Ping statistics for 192.168.0.177:
Packets: Sent = 4, Received = 4, Lost = 0 (0% loss),
Approximate round trip times in milli-seconds:
Minimum = 0ms, Maximum = 0ms, Average = 0ms
 

PigLover

Moderator
Jan 26, 2011
3,186
1,545
113
What did you change to get the jumbo frame pings working? Now that you've got the jumbo frames how does the iperf look?
 

Terry Kennedy

Well-Known Member
Jun 25, 2015
1,142
594
113
New York City
www.glaver.org
iperf is sending a single stream (meaning a single thread).
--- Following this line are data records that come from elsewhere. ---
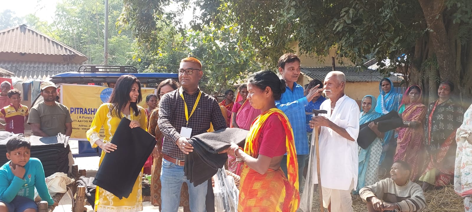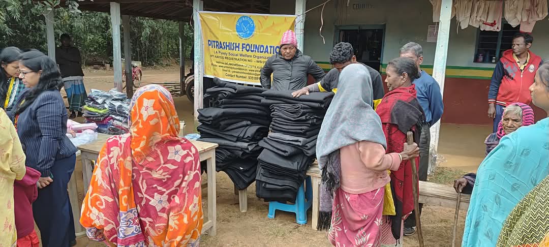 Pitrashish Foundation in Village Dhangri , Jhargram on the mission to provide love and warmth . More than 100 tribal villagers received blankets to fight the freezing temperature of Jhargram on 24th November, 2024.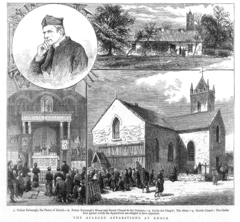 Four illustrations, captioned "The alleged apparitions at Knock", depicting Fr. Kavanagh, Pastor of Knock; Fr. Kavanagh's house; exterior and interior of Knock chapel. From "The Graphic" July 17 1880.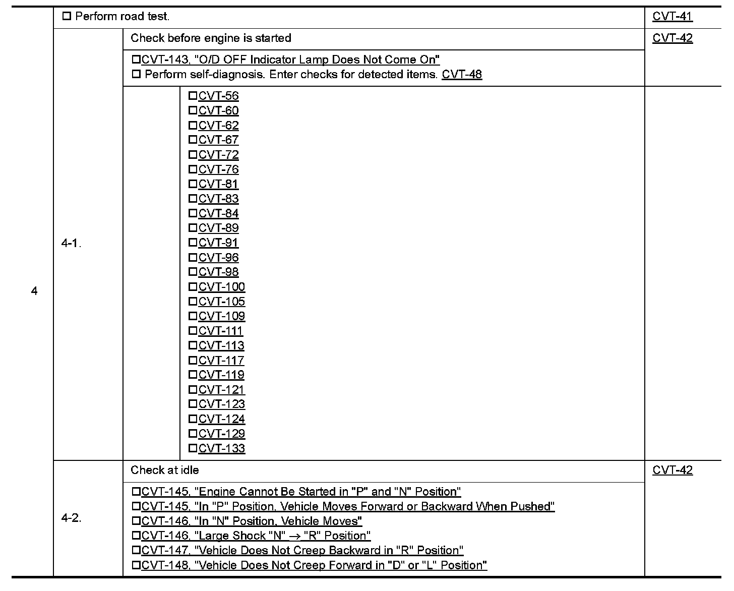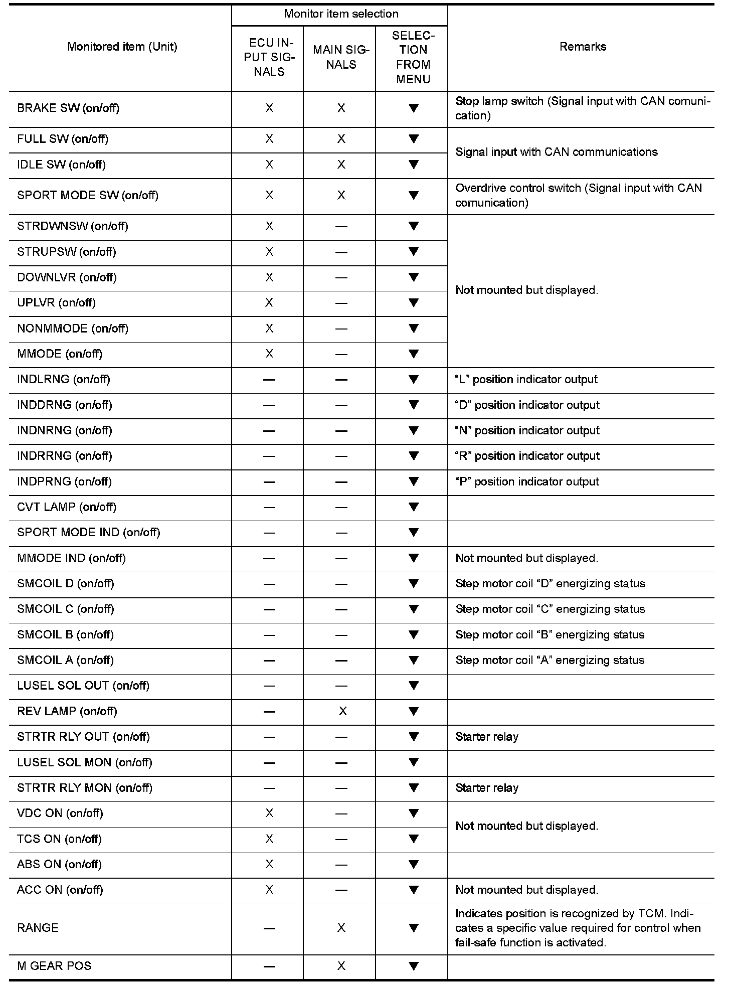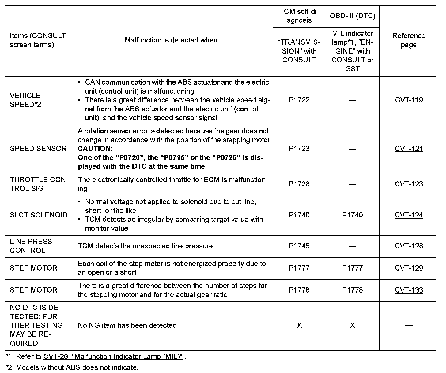 Input and output signals must always be correct and stable in the operation of the CVT system. The CVT system must be in good operating condition and be free of valve seizure, solenoid valve malfunction, etc.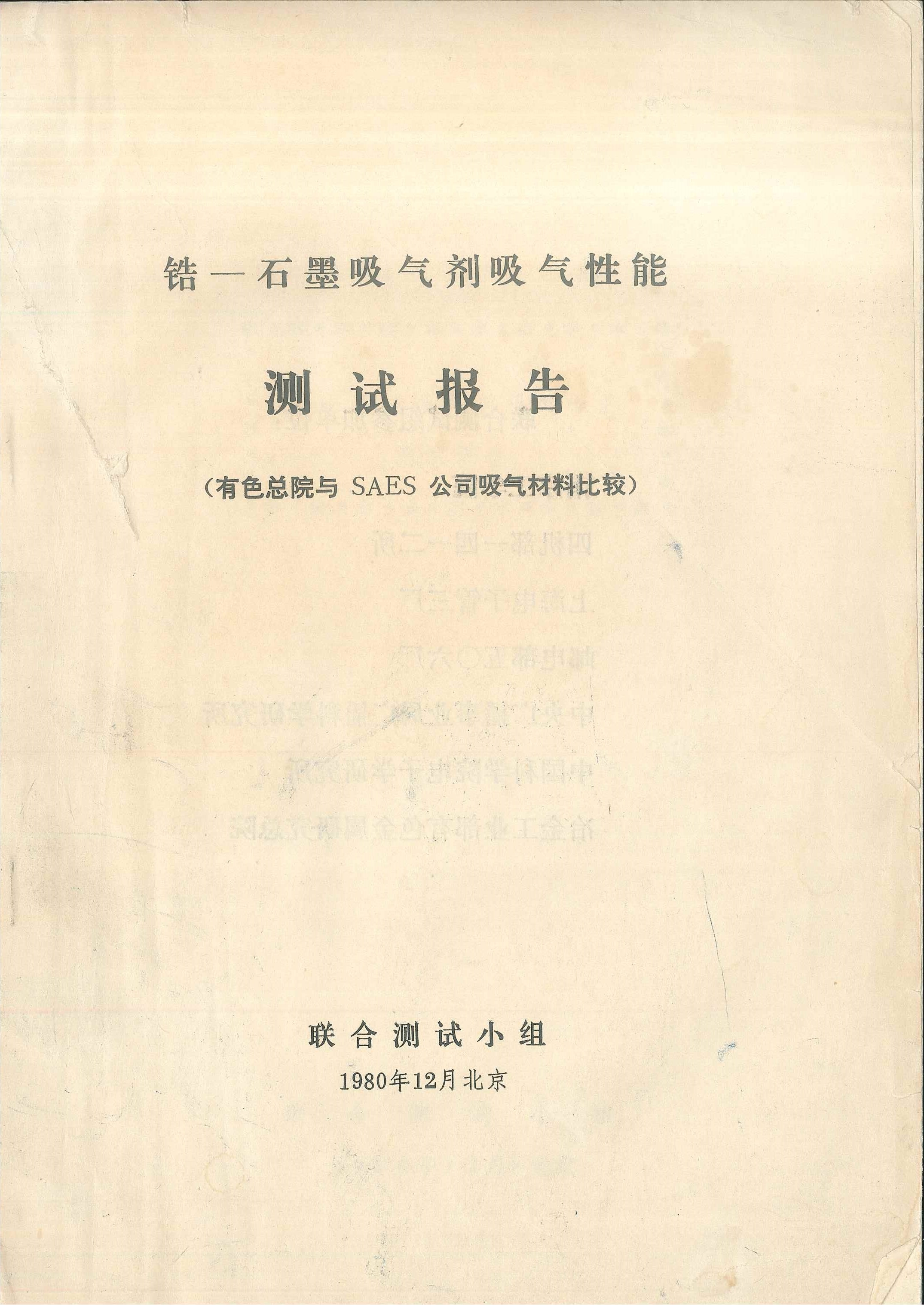 1980年12月,為了驗(yàn)證批量生產(chǎn)的吸氣劑的性能是否真正達(dá)到了國際水平,由國內(nèi)7家電真空權(quán)威單位和應(yīng)用單位的專家組組成聯(lián)合測試組。12月6日至13日,在北京有色金屬研究總院(現(xiàn)有研集團(tuán)),對研制的吸氣材料進(jìn)行了嚴(yán)格認(rèn)真的吸氣性能測試。同時,對剛從國外購進(jìn)的類似吸氣材料,在同樣的試驗(yàn)條件下進(jìn)行測試以便比較鑒定。

On a 5520 you will bottleneck a single core of the CPU long before you reach 10Gbe throughput. You've got to get all 4 cores (or even all 8 threads) active before you'll see 10Gbe on the wire.
For what its worth:
Code:
CPU: Intel(R) Xeon(R) CPU  E5520  @ 2.27GHz (2275.82-MHz K8-class CPU)
  Origin = "GenuineIntel"  Id = 0x106a5  Family = 6  Model = 1a  Stepping = 5

(0:4) test1:/sysprog/terry# iperf -c test2
------------------------------------------------------------
Client connecting to test2, TCP port 5001
TCP window size: 32.0 KByte (default)
------------------------------------------------------------
[  3] local 10.20.30.40 port 26252 connected with 10.20.30.41 port 5001
[ ID] Interval  Transfer  Bandwidth
[  3]  0.0-10.2 sec  11.7 GBytes  9.89 Gbits/sec
Hardware is dual E5520, network card is X540-T1. FreeBSD 8.4.